Absolute convergence of $\sum \frac {1} {\left( m_{1}^{2}+m_{2}^{2}+\cdots +m_{r }^{2}\right)^{\mu} } $

Here is a way I like. We can rewrite your sum as $$\sum_{\boldsymbol{m}\in\mathbb{Z}^{m}\backslash\{\boldsymbol{0}\}}\frac{1}{\|\boldsymbol{m}\|_{2}^{r+\epsilon}}$$ where $\epsilon>0.$ Then since $$\|x\|_{2}\geq\max_{i}|x_{i}|,$$ by using the comparison test, we know that our original series will converge if $$\sum_{\boldsymbol{m}\in\mathbb{Z}^{m}\backslash\{\boldsymbol{0}\}}\frac{1}{\max_{i}|\boldsymbol{m}_{i}|^{r+\epsilon}}$$ converges. Since the set of all $\boldsymbol{m}$ with $k-1\leq\max_{i}|\boldsymbol{m}_{i}|\leq k$ has size $\leq Ck^{r-1}$ for some constant $C,$ (it is the surface of an $r$ dimensional cube) we see that the above is bounded by $$\sum_{k=1}^{\infty}C\frac{k^{r-1}}{k^{r+\epsilon}}\leq C\sum_{k=1}^{\infty}\frac{1}{k^{1+\epsilon}}$$ which converges.

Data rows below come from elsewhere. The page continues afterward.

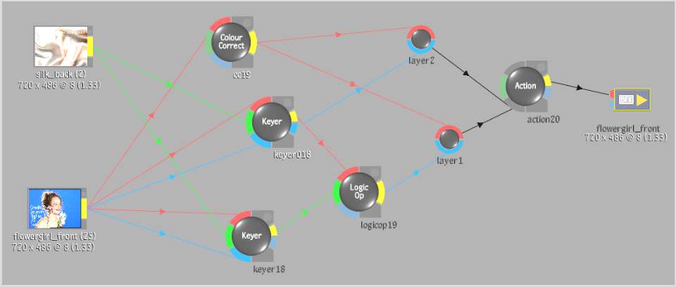 In the following example, the flowergirl_front clip is connected to the Front tab of a Colour Correct node and two Keyer nodes. The silk_back clip serves as the back for both Keyer nodes and the Action node. The result of the Colour Correct node is connected to two Action media nodes, one of which has a Logic Op node result feeding into it. Finally, the entire process tree feeds into one final output.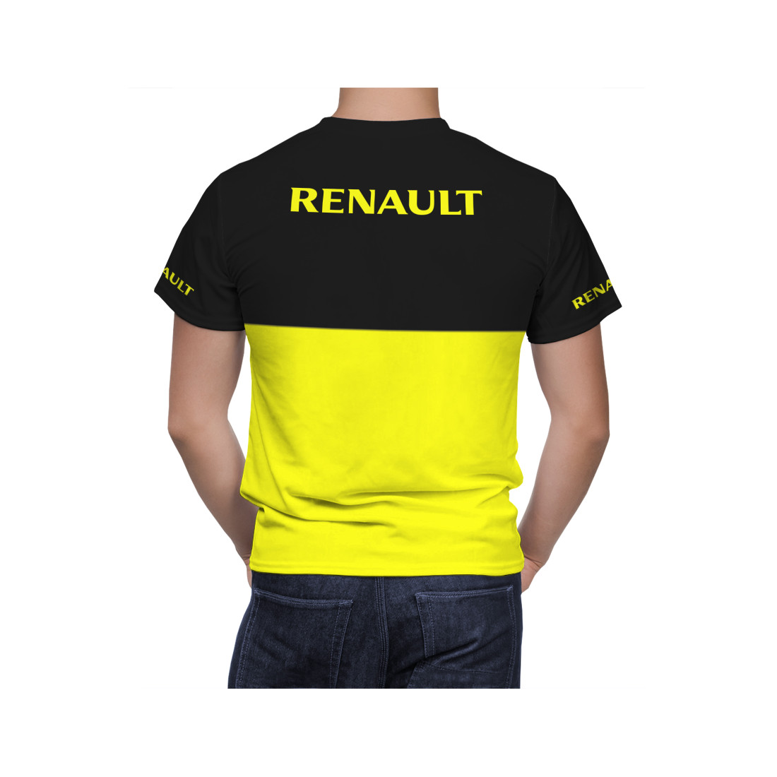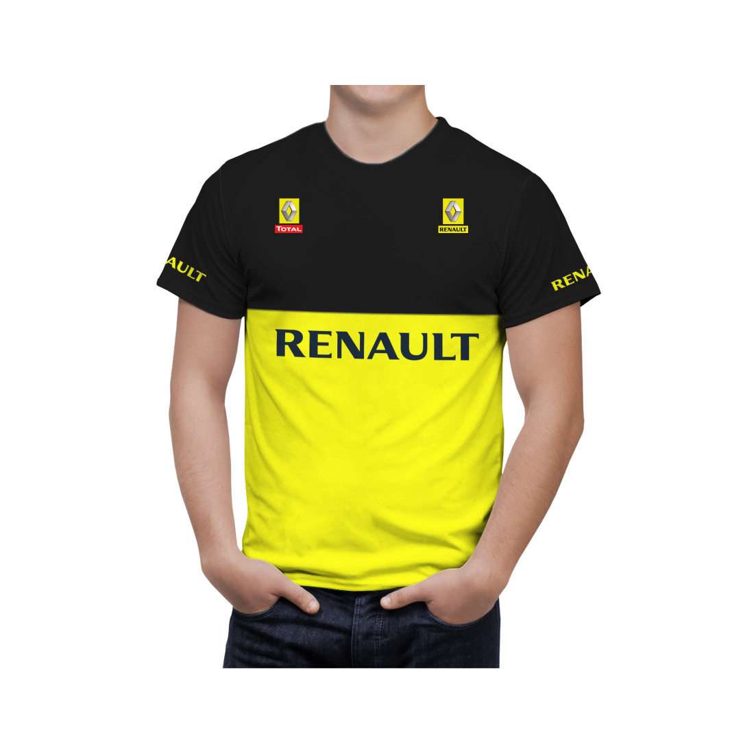 This is a Renault Black Yellow hand made t-shirt.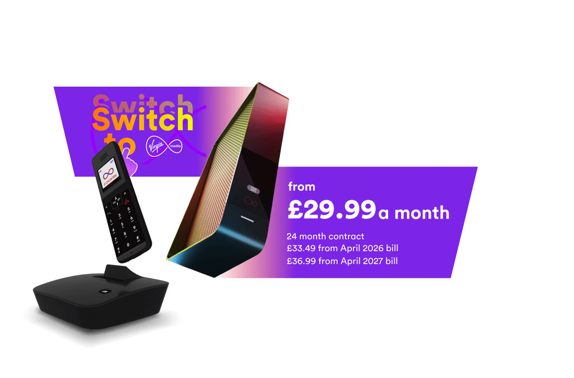 Virgin Media services are only available in eligible Virgin Media network areas. Home phone is not available in new network expansion areas.

Comparing the series with an integral, one sees that the series converges if and only if the $r$-dimensional integral $$ I_r=\int_{\mathbb R^r}[\|x\|\geqslant1]\,\frac{\mathrm dx}{\|x\|^{2\mu}} $$ converges. Consider the spherical coordinates $(s,\alpha)$ with $s\geqslant0$ and $\alpha$ in the sphere $S^{r-1}$. Then $\mathrm dx$ is proportional to $s^{r-1}\mathrm ds\mathrm d\alpha$. Hence , $I_r$ converges if and only if the $1$-dimensional integral $$ \int_1^{+\infty}\frac{s^{r-1}\mathrm ds}{s^{2\mu}} $$ converges, that is, if and only if $2\mu\gt r$.